Entrepreneur’s Relief might be available to property traders and partners in a property trading business to reduce CGT liability. The HMRC website explains how entrepreneur’s relief works:
You can make claims for Entrepreneurs’ Relief on more than one occasion as long as the total qualifying gains in all your claims doesn’t exceed the lifetime limit.
For 2010-11 to 22 June 2010 Entrepreneurs’ Relief reduces the amount of gains liable to Capital Gains Tax by four-ninths on all qualifying gains up to the maximum lifetime limit. From 23 June 2010 the four-ninths reduction no longer applies – instead all qualifying gains up to the maximum lifetime limit made are taxable at 10 per cent.
Entrepreneur’s relief does not apply to companies though.
Business Asset Rollover Relief might be available if business assets (such as property) are sold and any profit reinvested into a new, similar asset. This is not an outright reduction as such (like Entrepreneurs relief is), it is a postponement or (as the title suggests) a ‘rollover’ of the CGT liability.
To be eligible, the assets (old and new) must be used for business purposes. The new asset must also be purchased between 1 year before and 3 years after the old one is disposed of.
It is possible to claim business asset rollover relief for partial reinvestment of capital gains, rather than the whole amount.
4. Inheritance Tax
The intention of Inheritance Tax (IHT) is to tax the person who either gifts an asset within 7 years of their death or ‘lifetime gifts’. In the event of death it (obviously) has to be the recipient who pays IHT.
Lifetime Transfers are when a party gifts an asset (the most common is a property) to a second party when the first party (the donor) is still alive. If the donor survives 7 years from the date of transfer, then the transfer is known as a Potentially Exempt Transfer (PET), and no IHT is payable.
If the donor does die within 7 years of transfer, then IHT will be payable from the date of transfer. Tapering relief might be available if the donor survives the 7 year point from the date of transfer. No tapering relief is allowed if the donor does not survive the 7 years; the transfer is regarded as a Chargeable Lifetime Transfer (CLT) and IHT is payable on the full estate value.
Transfers on Death are only payable on estates valued at £325,000 or more (for tax year 2011-2012). The estate value adopted is the one at the ‘instant before death’. Values in excess of the current threshold are charged at the current rate (40% for 2011-2012).
Therefore for example, if an estate is valued at £400,000 then the value over the threshold (£75,000 in this case) is charged at 40%. This works out to be £30,000.
Any IHT already paid within the preceding 7 years can be used to offset the liability and reduce the sum payable.
5. SDLT
This is paid in the event of a substantial property interest transfer, such as purchase (SDLT is paid by the purchaser) or a long-leasehold occupancy (in which case, SDLT is paid by the Leaseholder).
SDLT is not tapered. This means that if the value is over any of the thresholds, the whole value is taxed, not just the amount that is over the threshold.

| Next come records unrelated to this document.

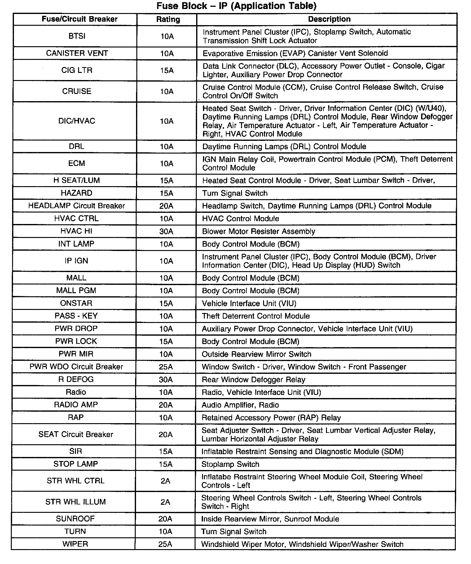Fuse Block - IP (Application Table):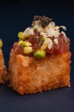 Хрусткий рис рис із ніжним тунцем та свіжим авокадо, доповнений трюфельною пастою та посипаним пармезаном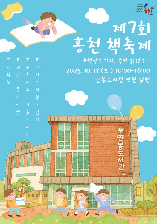 [무한뉴스=정민정 기자] 홍천군은 10월 18일 10:00~16:00 연봉도서관 정원에서 ‘제7회 홍천 책축제(슬로건: 책식주의자, 폭싹 읽었수다)’를 개최한다.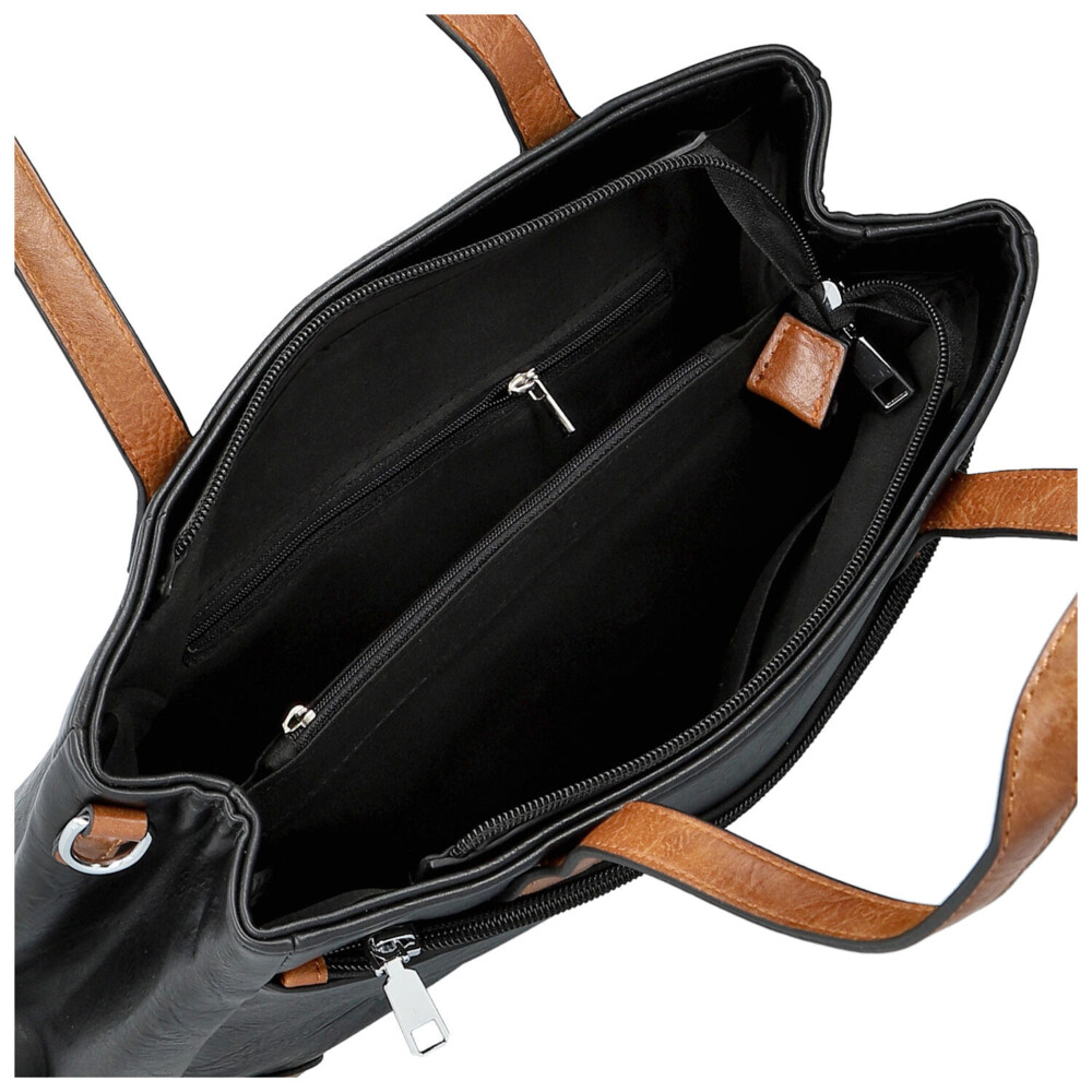 Pohodlná dámská kabelka přes rameno, značky Firenze, v černé barvě s hnědými detaily. Top kousek do města i na cesty do práce. Uložíte si zde všechny osobní věci a navíc budete mít vše přehledně, protože kabelka pod hlavní kapsou se zipem nabízí dva hlavní prostory, které jsou od sebe odděleny přepážkou ve formě kapsy se zipem. Chybět vám nebudou ani kapsičky na telefon, kosmetiku nebo drobnosti. Měkká kabelka s dlouhým uchem je elegantní a vkusná. Objednejte ještě dnes a vyzkoušejte, vrátit ji můžete až za 30 dnů!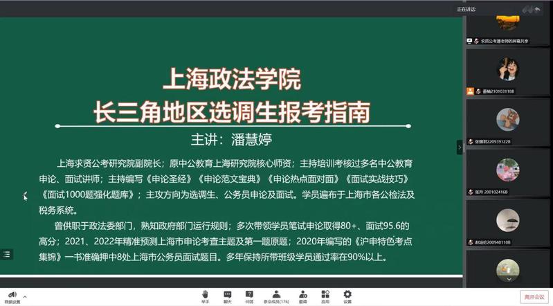 10月18日晚,我校通过腾讯会议开展新利18官方客服2022年就业创业文化节系列活动之基层就业启航讲座——长三角地区选调生报考政策解读。上海求贤公考研究院副院长,原中公教育上海研究院核心师资潘慧婷老师介绍了长三角地区选调生招录政策及备考指导,吸引了300余名学生参与。

So, if a property is bought for £126,000; the amount of SDLT (at current rates) payable is £1,260.00 (1% of £126,000). Likewise, if the property is bought for £124,000, then no SDLT is payable.

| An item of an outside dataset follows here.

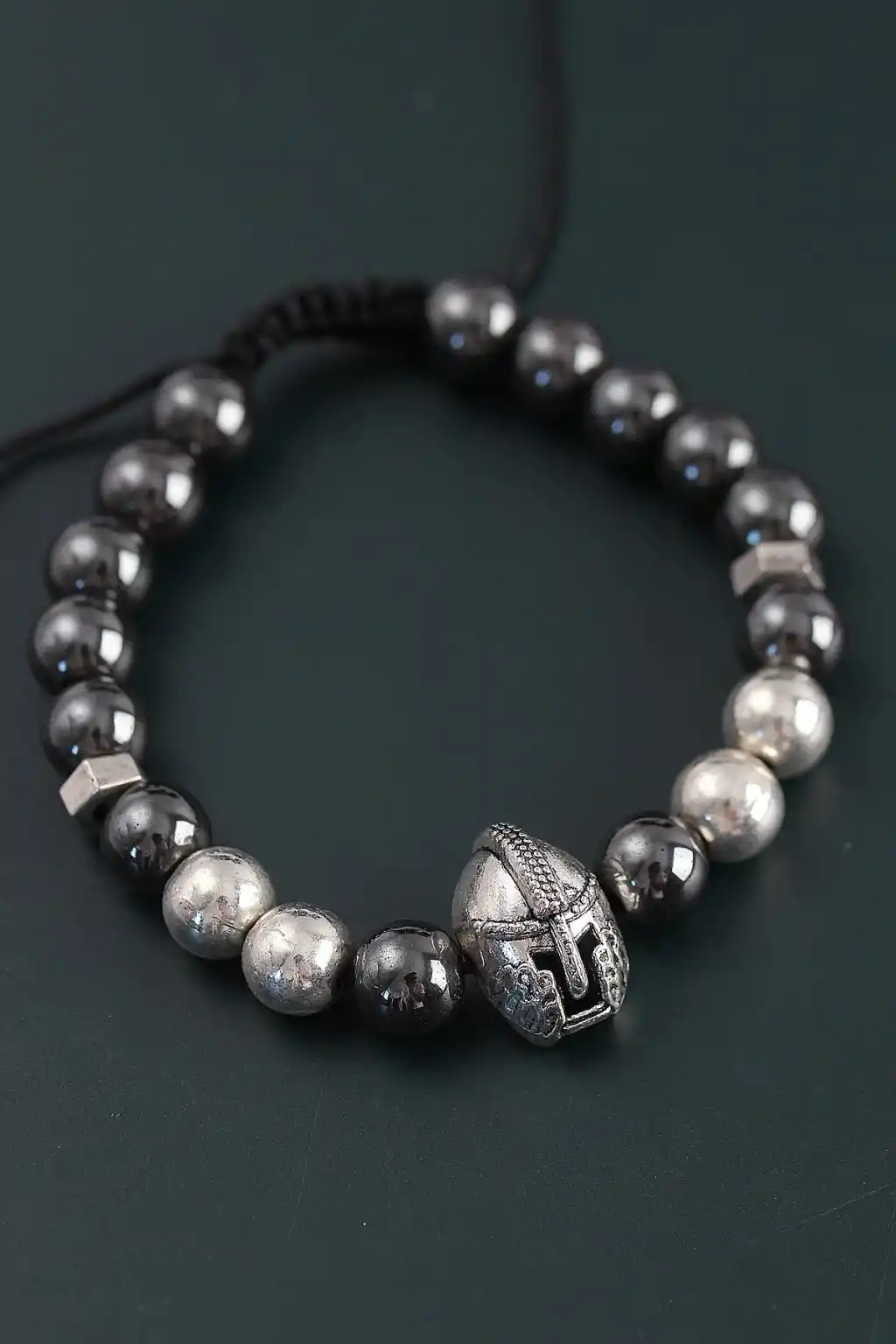 Doğal Taş Gladyatör Model Gümüş Ve Füme Renk Asansörlü Erkek Bileklik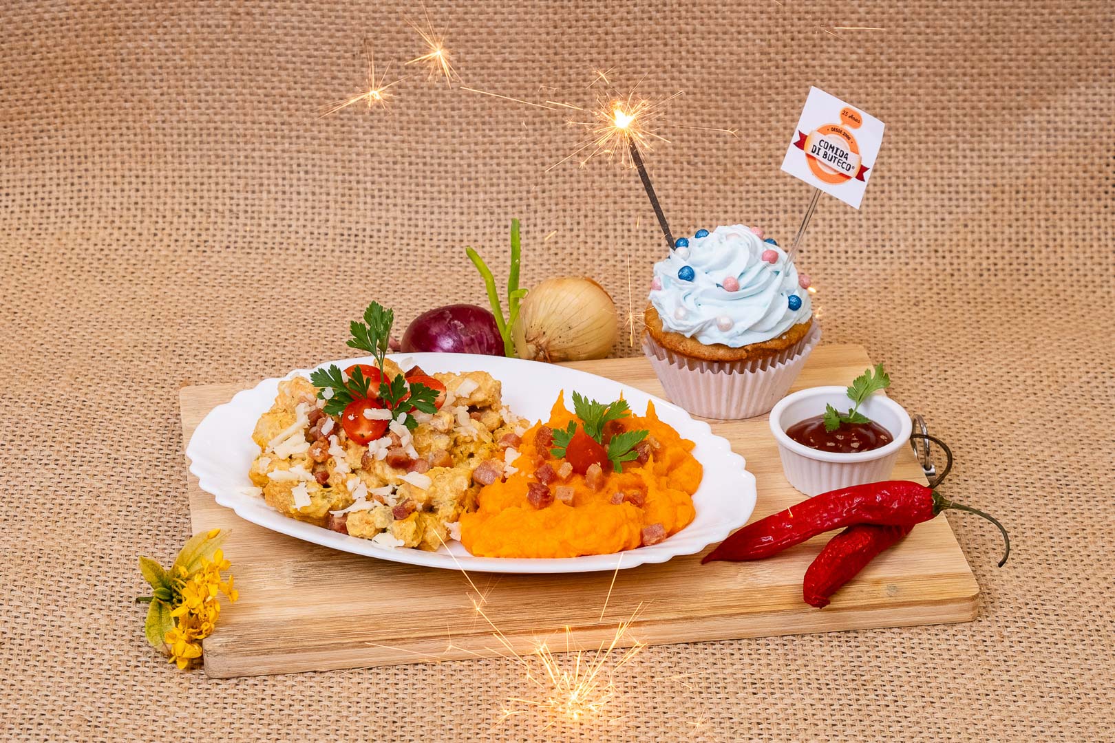 frango com creme de bacon e purê de abóbora.

This situation results in an accumulation of property values at just below the threshold values. For example, there are many properties for sale at around £249,950. There really aren’t many at £255,000.
For the tax year 2011-2012, the current SDLT rates are:
- For properties up to £125,000, the rate is zero. No SDLT is payable.
- For properties from £125,000 to £250,000; the standard rate is 1% of the property value, and for first-time buyers, it is zero.
- For properties from £250,000 to £500,000; the rates for standard and first-time buyers is 3% of the property value.
- For properties from £500,000 to £1m, the rates are 4%.
- For properties over £1m, the rate is 5%.
These articles are merely designed to give an introduction to the basic taxes that are likely to be experienced when a novice developer or investor begins their venture (whether it is done through a limited company or privately). I highly recommend making sure you are aware of current taxation rates. This is very important when carrying out a property financial appraisal.